In summing up, Crown Prosecutor Brett Hatfield pointed to contradictions in White’s testimony as he tried to justify his actions in deploying the Taser.

“Answers were malleable and changing, even within a few questions,” he said, while also describing some of White’s responses as “evasive and unpersuasive.”

“This was not a mere breach of the standard of care,” said Hatfield. “This was such an utterly unnecessary and obviously excessive use of force on Mrs. Nowland that it warrants punishment for manslaughter,” he said.

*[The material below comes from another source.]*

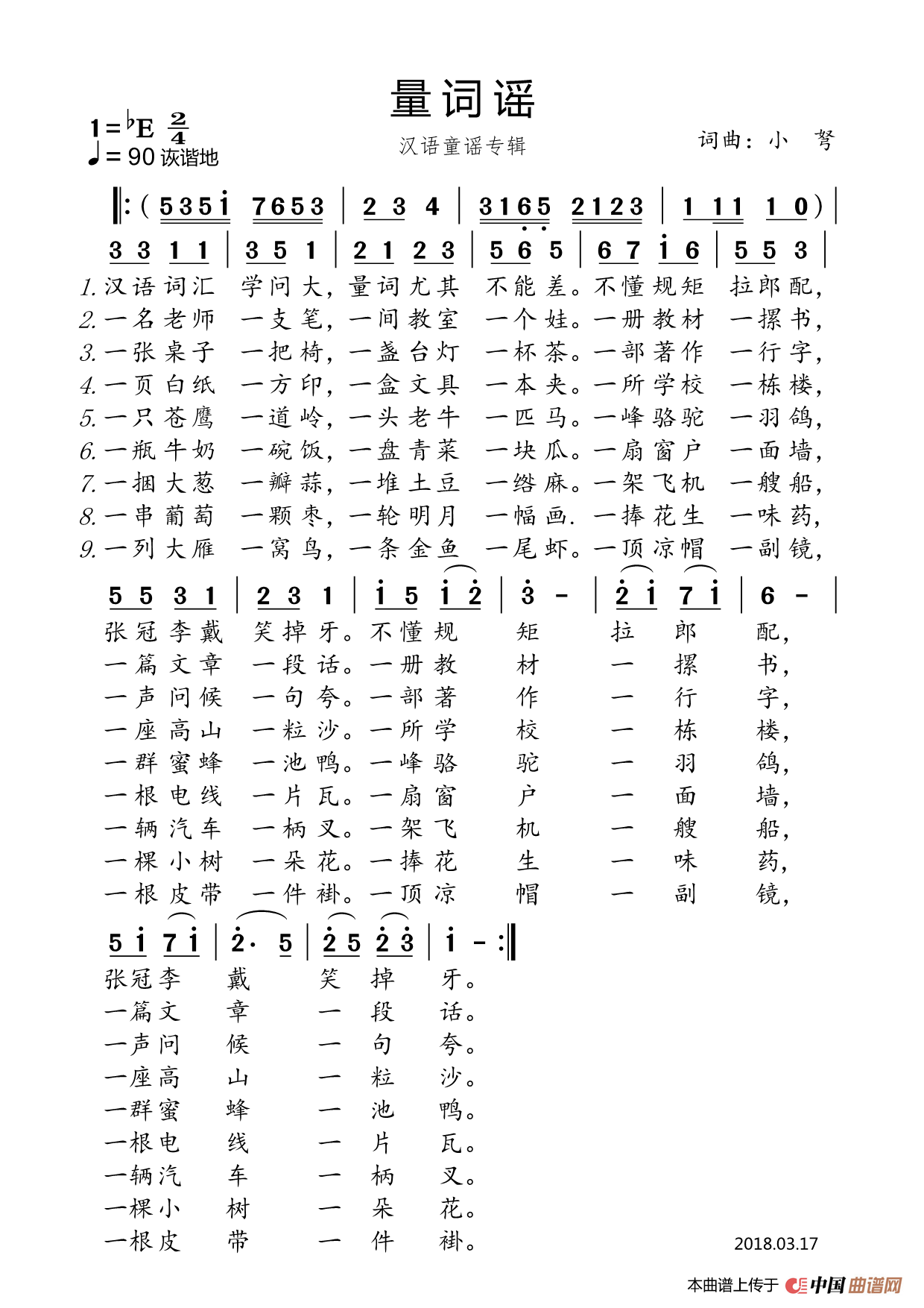 2018年7月创作了《量词歌》,一年多的时间,不少爱好者指出了该曲旋律和歌词的不足。因此重新谱了曲。最后确定了常用的64个量词,曲调也更趋合理。作为小学生学习和记忆量词还是有很大帮助的。旧版也保留在后面。

In a judgment published Friday, Justice Ian Harrison said the case was unlike any other he’d confronted in his career, because White did not act out of the typical motivations people have for inflicting harm, such as anger, malice or revenge.

Instead, Nowland’s death was the result of the police officer’s failure to recognize that he was not confronted with a serious threat, he added.

“It was no more and no less than an error of judgment with fatal consequences,” Harrison wrote.

White has been suspended from the NSW Police force without pay and remains free on bail before a sentencing hearing next year that may see him imprisoned.

Harrison wrote that he needed to assess the risks of other inmates targeting White as a convicted police officer.

In a statement released Friday, Nowland’s family said they were “disappointed” White wasn’t in custody, and were “struggling to understand” why he was able to move freely in the community despite having been found guilty of manslaughter.

This story has been updated with additional information.